Compare the backwaters of Europe prior to the 18th century - those places which did not sit upon the major trade routes, or did not have easy access to the sea or plentiful fertile land. It is no error than Cervantes places his disturbed hero from the land of La Mancha, which sits high upon a poorly thriving plateau where no one with sense would travel. Lands in France, such as Gascony or Auvergne, were infamous for the stupidity - indeed, the mental retardation - of their residents. It would be all well and good to say that this was due to an urban Paris looking down upon their rural counterparts ... but the French habit of headbinding was a RURAL phenomena, and one that quickly disappeared with the spread of railroads into obscure parts of the country.
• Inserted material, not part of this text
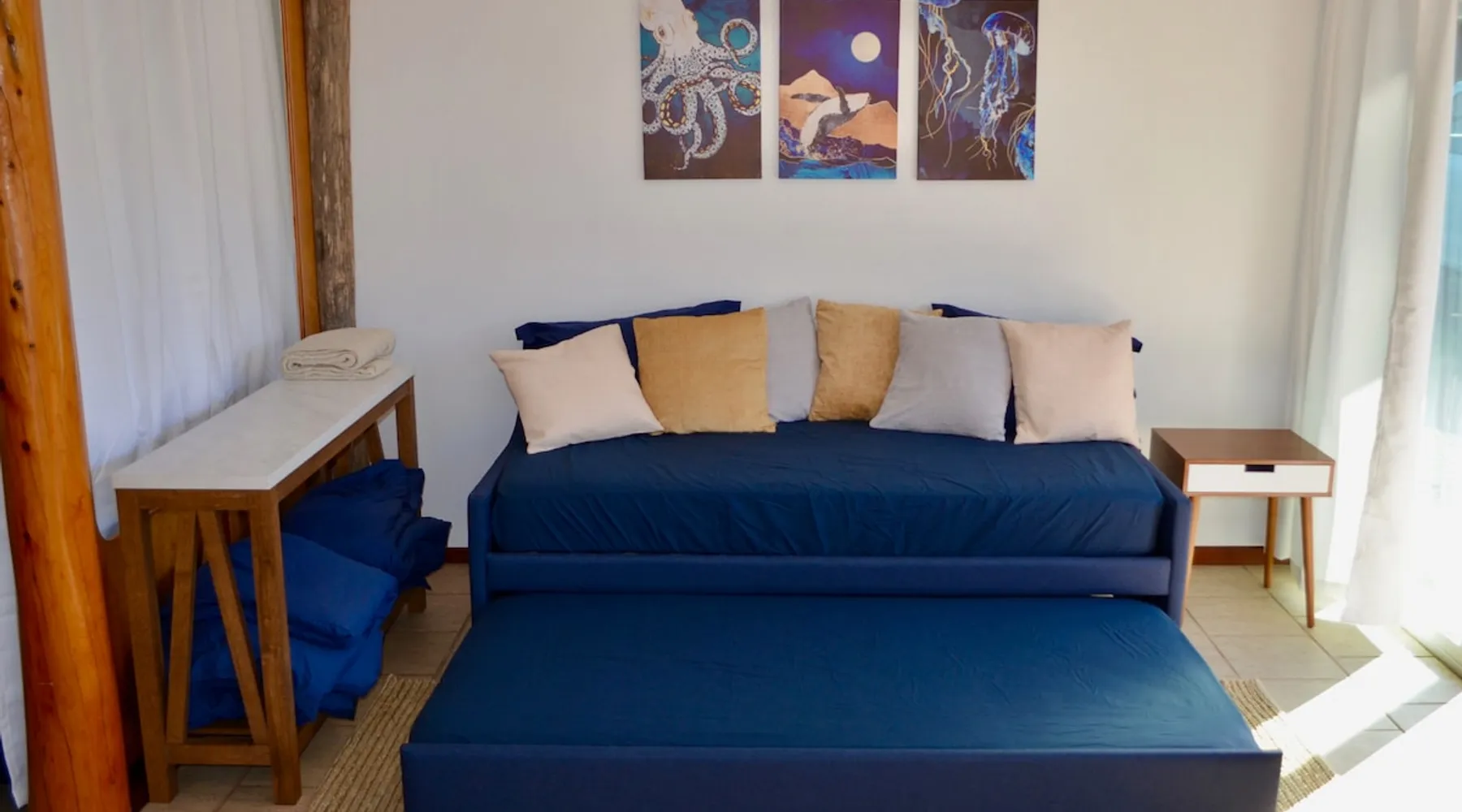 A Peaceful Beach Cottage on the Pacific Scenic Route awaits you! On two lush, beautiful acres, which you can enjoy and relax when you are not on the beach, hiking, biking or enjoying any other activity in this majestic area. A place for relaxing and enjoying beauty and tranquility, where you can connect to nature. Access path to the beach across from property, and mountain view in rear of property. The space This unique, lovely cottage is equipped with a kitchen, one bedroom and a bath. A trundle bed for two single beds in the living room. A BBQ grill outside. Semi loop trail on the property, where you can enjoy wildlife and beautiful sunsets over the ocean. Guest access A code will be provided by 4pm on arrival day. The lockbox is located right next to the sliding glass door entrance to the cottage. Front gate must remain opened at all times. Other things to note Both vacation rentals on the property share the 2 acres of land. Please do not wonder right around the perimeter of the other home

What the railroads did was to initiate our modern sense of homogeneity in culture - aided of course by automobiles and air travel. The initial effect was that prices in a particular part of the country were quickly leveled, so that the cost of a loaf of bread became virtually the same in Pittsburgh as it was in Des Moines. This has become universal; the coke bottle sitting on my desk as this is written costs the same as the one sitting on the gentle reader's desk as this is read. You may be in Florida or Toronto or San Diego ... it makes no difference. Time and distance have ceased to matter, since said bottles flood into our cities daily, no matter what the origin. The price at origin is increased in order to compensate for the price at destination ... and we accept this as a matter of course.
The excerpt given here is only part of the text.